The final CDS Guidance represents a marked change in approach from prior drafts and foreseeably will result in the regulation of many types of CDS that were previously considered to be Non-Device CDS or low-risk Device CDS under enforcement discretion. The final guidance therefore may have significant implications for a wide range of stakeholders, including not only software developers but also health care providers, hospitals, patients and payors.
Interpretation of Statutory Criteria Under the Final Guidance
The CDS Guidance interprets the Cures Act’s definition of “medical software” that is excluded from the statutory “device” definition, as it relates to CDS software. As a refresher, the Cures Act established the following four criteria for Non-Device CDS software:
- Criterion 1: Non-Device CDS software functions do not acquire, process, or analyze medical images, signals from an in vitro diagnostic (IVD) device, or patterns or signals from a signal acquisition system.
- Criterion 2: Non-Device CDS software functions display, analyze or print medical information about a patient or other medical information.
- Criterion 3: Non-Device CDS software functions are intended for the purpose of supporting or providing recommendations about a patient’s care to a health care professional (HCP) user.
- Criterion 4: Non-Device CDS software functions provide sufficient information about the basis for the recommendations to the HCP user, so that the HCP user does not rely primarily on any of the recommendations to make a clinical decision about an individual patient.
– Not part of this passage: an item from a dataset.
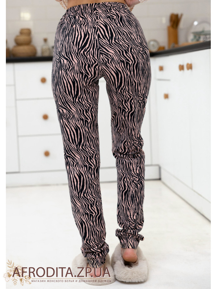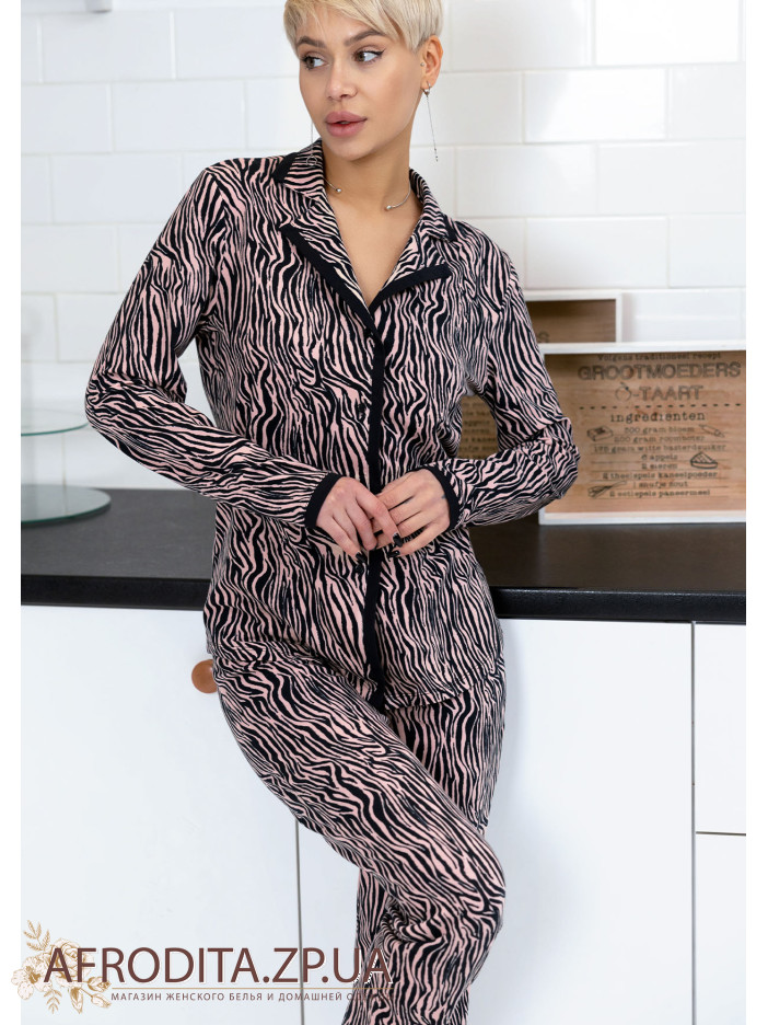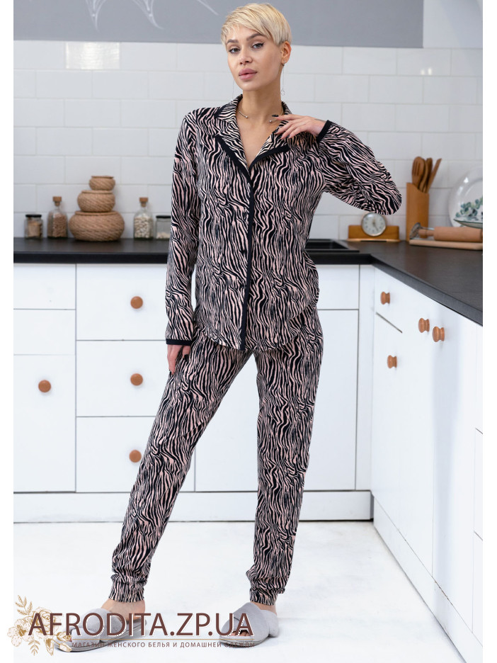 Женская пижама со штанами 1595-16125 из трикотажного полотна с анималистическим принтом. Комплект состоит из джемпера, который застегивается на пуговицы и штанов прямого кроя на резинке. Борт джемпера и манжеты рукавов декорированы черным кантом.

Criterion 1: The first criterion describes the type of data inputs that are not permissible for Non-Device CDS (inputs that would render CDS software ineligible for the statutory medical software exclusion). While the final guidance includes the same definition of “signal” as that used in the draft guidance—i.e., signals that typically require the use of either an IVD or a signal acquisition system—it revises the definition for “medical image” and provides a definition for “pattern” for the first time. As newly defined, the terms “medical image” and “pattern” would appear to narrow the scope of Non-Device CDS.
“Medical image” is defined as including “those images generated by the use of medical imaging systems to view any parts of the body or images acquired for a medical purpose,” even if the images were not “originally acquired for a medical purpose but are being processed or analyzed for a medical purpose.” FDA interprets the term “pattern” to mean “multiple, sequential, or repeated measurements of a signal or from a signal acquisition system.” As these definitions were not proposed in the draft guidance, stakeholders have not previously had an opportunity to weigh in on the impact of these changes. Furthermore, the examples of software functions that fail Criterion 1 that are included in the final guidance do little to illustrate the application of these new definitions in practice, as the examples are limited to software products that have been regulated as medical devices for years.
Criterion 2: The second criterion describes the type of data inputs that are permissible for use in Non-Device CDS. Here again, FDA’s novel interpretation of statutory terms effectively narrows the scope of information that a software product can display, analyze, or print and still be considered Non-Device CDS. FDA gives no rationale for interpreting the apparently broad statutory term “medical information” in such a restrictive manner.
Medical information about a patient
The 2019 draft guidance interpreted “medical information about a patient” to mean the “kind of information used by the intended user to make decisions.” In contrast, the final guidance interprets this phrase to mean the “type of information that normally is, and generally can be, communicated between HCPs in a clinical conversation or between HCPs and the patient in the context of a clinical decision, meaning that the relevance of the information to the clinical decision being made is well understood and accepted.”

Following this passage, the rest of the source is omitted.